On Mar 15, 2012 1:53 AM, "Masklinn" <masklinn@masklinn.net> wrote:
On 2012-03-14, at 18:36 , Matt Joiner wrote:
set.add(x) could return True if x was added to the set, and False if x was already in the set.
That does not mesh with the usual Python semantics of methods either having a side-effect (mutation) or returning a value. Why would that happen with sets but not with e.g. dicts?
Because dict insertions are by operator?
Adding an element that is already present often constitutes an error in
my code.
Then thrown an error when that happens?
As I understand, set.add is an atomic operation. Having set.add return a boolean will also allow EAFP-style code with regard to handling duplicates, the long winded form of which is currently:
if a not in b: b.add(a) <-- race condition do_c()
Which can be improved to:
if b.add(a): do_c()
Advantages: * Very common code pattern. * More concise. * Allows interpreter atomicity to be exploited, often removing the need for additional locking. * Faster because it avoids double contain check, and can avoid locking.

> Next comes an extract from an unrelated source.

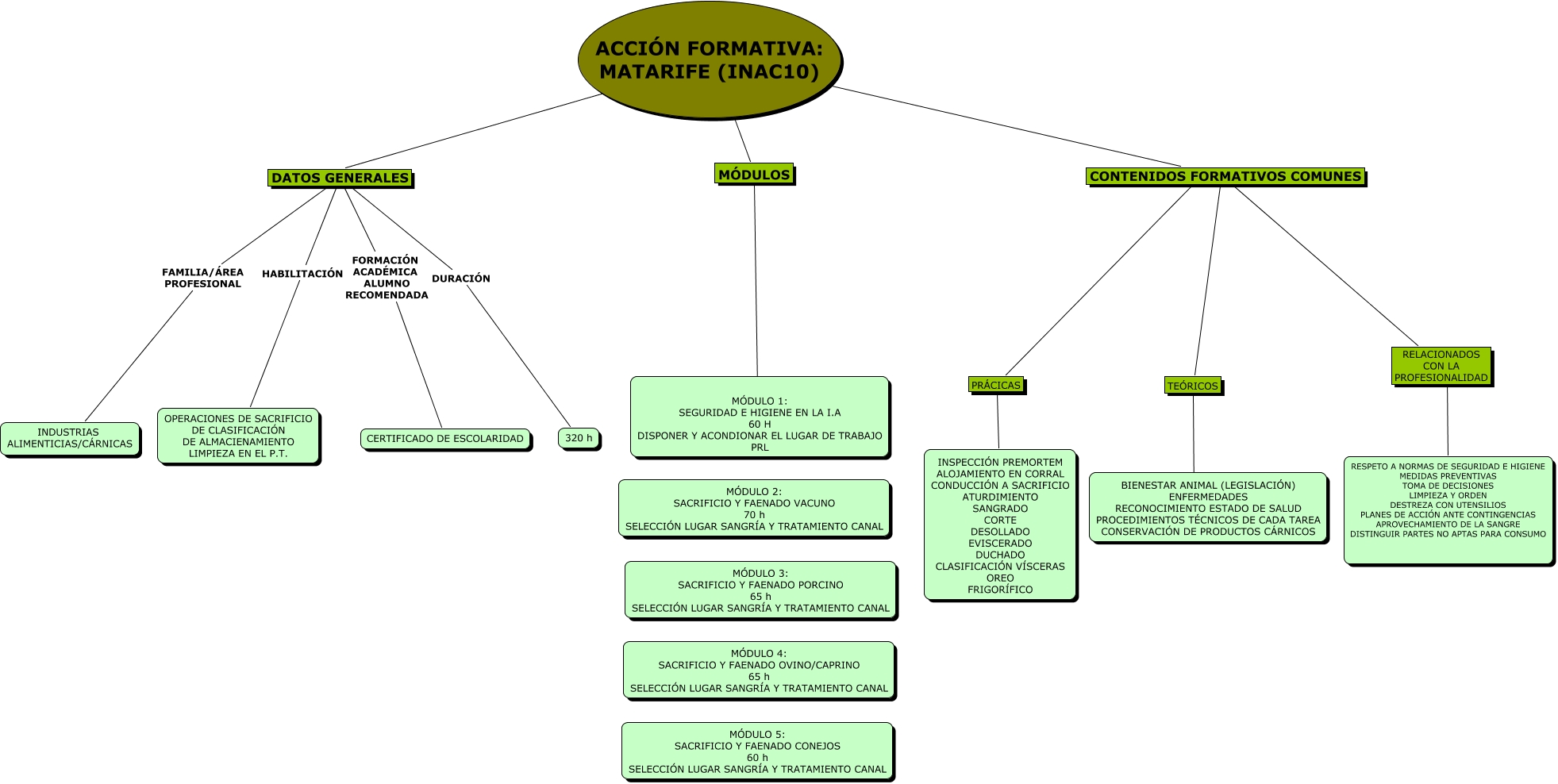 Este Cmap, tiene información relacionada con: MATARIFE, RESPETO A NORMAS DE SEGURIDAD E HIGIENE MEDIDAS PREVENTIVAS TOMA DE DECISIONES LIMPIEZA Y ORDEN DESTREZA CON UTENSILIOS PLANES DE ACCIÓN ANTE CONTINGENCIAS APROVECHAMIENTO DE LA SANGRE DISTINGUIR PARTES NO APTAS PARA CONSUMO ???? RELACIONADOS CON LA PROFESIONALIDAD, TEÓRICOS ???? BIENESTAR ANIMAL (LEGISLACIÓN) ENFERMEDADES RECONOCIMIENTO ESTADO DE SALUD PROCEDIMIENTOS TÉCNICOS DE CADA TAREA CONSERVACIÓN DE PRODUCTOS CÁRNICOS, CONTENIDOS FORMATIVOS COMUNES ???? TEÓRICOS, ACCIÓN FORMATIVA: MATARIFE (INAC10) ???? DATOS GENERALES, DATOS GENERALES DURACIÓN 320 h, ACCIÓN FORMATIVA: MATARIFE (INAC10) ???? MÓDULOS, CONTENIDOS FORMATIVOS COMUNES ???? PRÁCICAS, MÓDULOS ???? MÓDULO 1: SEGURIDAD E HIGIENE EN LA I.A 60 H DISPONER Y ACONDIONAR EL LUGAR DE TRABAJO PRL, PRÁCICAS ???? INSPECCIÓN PREMORTEM ALOJAMIENTO EN CORRAL CONDUCCIÓN A SACRIFICIO ATURDIMIENTO SANGRADO CORTE DESOLLADO EVISCERADO DUCHADO CLASIFICACIÓN VÍSCERAS OREO FRIGORÍFICO, DATOS GENERALES HABILITACIÓN OPERACIONES DE SACRIFICIO DE CLASIFICACIÓN DE ALMACIENAMIENTO LIMPIEZA EN EL P.T., CONTENIDOS FORMATIVOS COMUNES ???? RELACIONADOS CON LA PROFESIONALIDAD, ACCIÓN FORMATIVA: MATARIFE (INAC10) ???? CONTENIDOS FORMATIVOS COMUNES, DATOS GENERALES FORMACIÓN ACADÉMICA ALUMNO RECOMENDADA CERTIFICADO DE ESCOLARIDAD, DATOS GENERALES FAMILIA/ÁREA PROFESIONAL INDUSTRIAS ALIMENTICIAS/CÁRNICAS

Nope, as Andrew noted it's possible that an other thread has *removed* the element from the set before do_c (so you've got your race condition right there, assuming do_c expects `a` to be in `b`)
And since you're using a set `b.add(a)` is a noop if `a` is already in `b` so there's no race condition at the point you note. The race condition is instead in the condition itself, you can have two different threads finding out the value is not in the set and ultimately executing do_c.
There's still a performance cost in looking up the already present value a second time.